Find the general solution to
y'''+y=0

Homework Equations

The Attempt at a Solution

y''+y=0
r^3+1=0
r^3=-1
r=(-1)^(1/3)
---------------------
-1=-1+0i
-1=cos(pi)+isin(pi)=e^(i*pi)
-1=cos(pi+2xpi)+isin(pi+2xpi)=e^i(pi+2xpi)
--------------------------
(-1)^(1/3)=(e^i(pi+2xpi))^(1/3)
(-1)^(1/3)=(e^i(pi/3+2xpi/3))
(-1)=cos(pi/3+2xpi/3)+isin(pi/3+2xpi/3)
-----------------------------
How do I get this to the general solution form? I know I do something where I let x=0,1,2,3,etc.
But I am not on sure what steps to take.

The answer on Wolfram Alpha is
"y(x) = c_1 e^(-x)+c_2 e^(x/2) sin((sqrt(3) x)/2)+c_3 e^(x/2) cos((sqrt(3) x)/2)"

Thanks in advance!

 

[ideasrule]

-1=-1+0i
-1=cos(pi)+isin(pi)=e^(i*pi)
-1=cos(pi+2xpi)+isin(pi+2xpi)=e^i(pi+2xpi)
--------------------------
(-1)^(1/3)=(e^i(pi+2xpi))^(1/3)
(-1)^(1/3)=(e^i(pi/3+2xpi/3))
(-1)=cos(pi/3+2xpi/3)+isin(pi/3+2xpi/3)

I'm not sure why you're doing these calculations. r^3+1=0 has 3 solutions, not just one.
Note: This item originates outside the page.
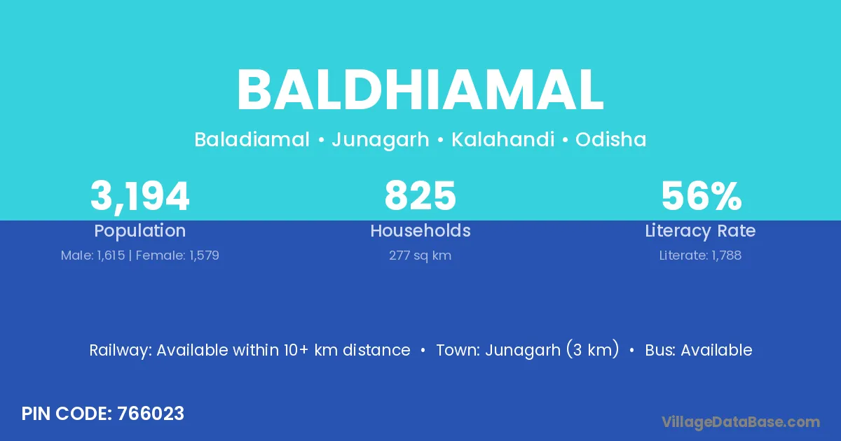 Junagarh (3 km) is the nearest town to Baldhiamal village for major economic activities and is located approximately 3 km away.

Let's call the solutions k1, k2, and k3. The general solution to the differential equation would be y=c1*e^(k1*x)+c2*e^(k2*x)+c3*e^(k3*x). More broadly, the general solution to any linear homogeneous differential equation is a linear combination of e^(k_i) for all k_i

 

[cyturk]

I'm not sure why you're doing these calculations. r^3+1=0 has 3 solutions, not just one. Let's call the solutions k1, k2, and k3. The general solution to the differential equation would be y=c1*e^(k1*x)+c2*e^(k2*x)+c3*e^(k3*x). More broadly, the general solution to any linear homogeneous differential equation is a linear combination of e^(k_i) for all k_i

I will be honest and say I was following a solution from a book problem, this is a nonbook problem assigned and I am really stuck on it. So I may have all my steps incorrect.
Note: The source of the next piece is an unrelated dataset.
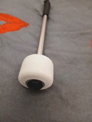 Mallet con asta in acciaio inossidabile e impugnatura ergonomica il feltro - Asta in acciaio inossidabile. 1 pezzo - Testa bianca. - Impugnatura nera. - Cordino nero. per timpani,piatti,casse ecc. misura lunghezza 33 cm

Okay, if r^3+1=0 does have three solutions, k1,k2,k3, is it possible to solve them? Because I feel like that would be the difficult part and I don't know how to do it.

 

[cyturk]

Anyone willing to help me out start this problem atleast?

 

[Dick]

e^(-pi*i), e^(pi*i), e^(3*pi*i), e^(5*pi*i), e^(7*pi*i), e^(9*pi*i), ... are all equal to (-1), right? They are all forms of e^(pi*i+2*pi*i*k) for k an integer. If you take the cube root of all of them by dividing the argument by 3, how many of those numbers are different? You should find that three of them are. Then as ideasrule said those are your k1, k2 and k3. And the general solution is c1*e^(k1*x)+c2*e^(k2*x)+c2*e^(k3*x).

 

[Bohrok]

You could solve r³ + 1 = 0 by factoring the left side first since it's a sum of cubes, using a³ + b³ = (a + b)(a² - ab + b²). Or even easier, you know -1 is a root, so use long or synthetic division to divide r³ + 1 by it and get your quadratic, then solve that to get the last two solutions.